Probably most people do play a 'factory' violin, because they are the most prevalent and easy-to-afford.
In fact, I played one for many years and loved it quite a lot. Of course, I was a little deflated when I learned that the violin, which came from my grandmother's attic, was not actually a Stradivarius.
"It's an old Germany factory violin," said the luthier, examining my beloved fiddle. He then attached a rather low monetary value to it.
This idea of a "factory" violin fired my imagination; I envisioned violins being stamped out by some kind of elaborate and mysterious machine.

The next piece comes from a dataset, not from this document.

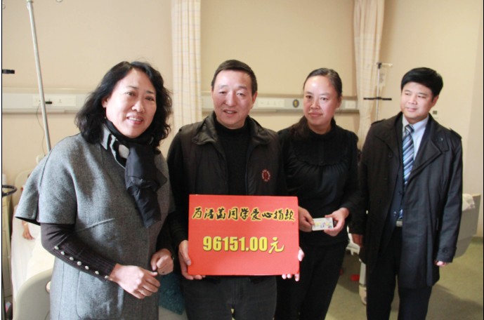 9月24日至10月23日,爱心募捐活动先后在中心校区、南湖校区、南岭校区以及新民校区相继开展。白求恩医学院各年级、各班级纷纷为潘菡进行捐款,2007级毕业生在得知潘菡的病情后,也自发组织募捐,将善款从祖国的大江南北汇集到白求恩医学院,贡献了自己的一份力量。此次募捐活动共持续一个月,在学院领导的倡议和指导下,在各级学生组织的积极宣传下,引起了全校师生的广泛关注和积极响应。截至目前,共募集捐款96151元,让身患重病的潘菡感受到了来自学校和师生的关心和温暖,让她重新燃起了对生命的希望。目前,潘菡已完成第二期化疗,病情正在积极控制和治疗中。 (学生记者:刘水)

That's pretty far from the truth, and a recent discussion here really drove that home for me. Violins are handmade, whether they are "factory" or "bench-made." One can use better or worse materials; one can employ skilled or less-skilled humans with knowledgeable or less-knowledgeable supervision; one can have 50 people on the assembly line or just one person in a studio; but they are made by hand. I imagine the worst-possible VSO (violin-shaped object) still requires nearly as much labor as the finest fiddles being made.
Tell us about your experience with 'factory violins' -- that is, violins that are mass-made by assembly line and carry a brand name, rather than those made by an individual luthier or shop. Chances are, at some point in your development, you have played one, if you don't play one now. I've played several, and my students have some very good ones. I can thank 'factory violins' for allowing me to learn to play!
What is your story and your thoughts on the matter?